The damage seems to be worse in the southern sites, but even at the most northern (North Point) the Staghorn coral is all but completely dead. The sites are still physically there (rock formations, reef slopes, sandy areas) but the overall bio-density is notably reduced. These sites are a pale shadow of their former selves.

All the dive operators I know are setting their sights on booking trips even further north into Burma where the reefs don't seem to have suffered at all. These trips still launch from Thai ports, and are operated by companies in Thailand so there is still money coming into the Thai economy from them, but it's not a good advert for Thailand. Also ever fewer of these trips a embarking from Phuket, but rather from further north in and around Khao Lak.

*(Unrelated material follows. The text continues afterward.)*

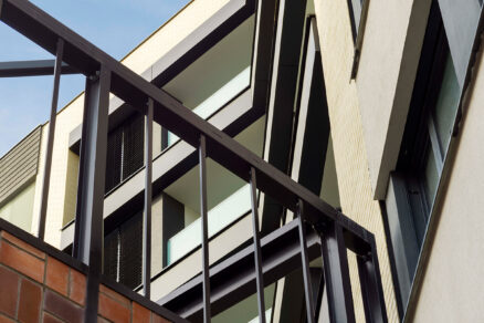 Architekt pokračuje: „Pergamenka je přístupná v režimu 24/7 a autentické kovové prvky pomohly s orientací. Vymezují totiž veřejné a komunitní zóny. Areál je rozdělen na dvě části – bytové domy a funkcionalistickou recepci (kulturní památku). Ta byla mimochodem jednou z prvních staveb na holešovické pláni.

"Veteran Operator"s comments on work permits and Thai companies are the worst kind of protectionism. We see this again and again from Thais who are not accustomed in their culture to dealing with competition. Rather than out-performing their competitors, the average Thai seems to prefer to handicap or even destroy them. He/she points out that in Singapore 100% foreign ownership of companies is allowed. Why is this?
It's because Singaporean companies are competitive. Apparently he/she is admitting that Thai companies are not?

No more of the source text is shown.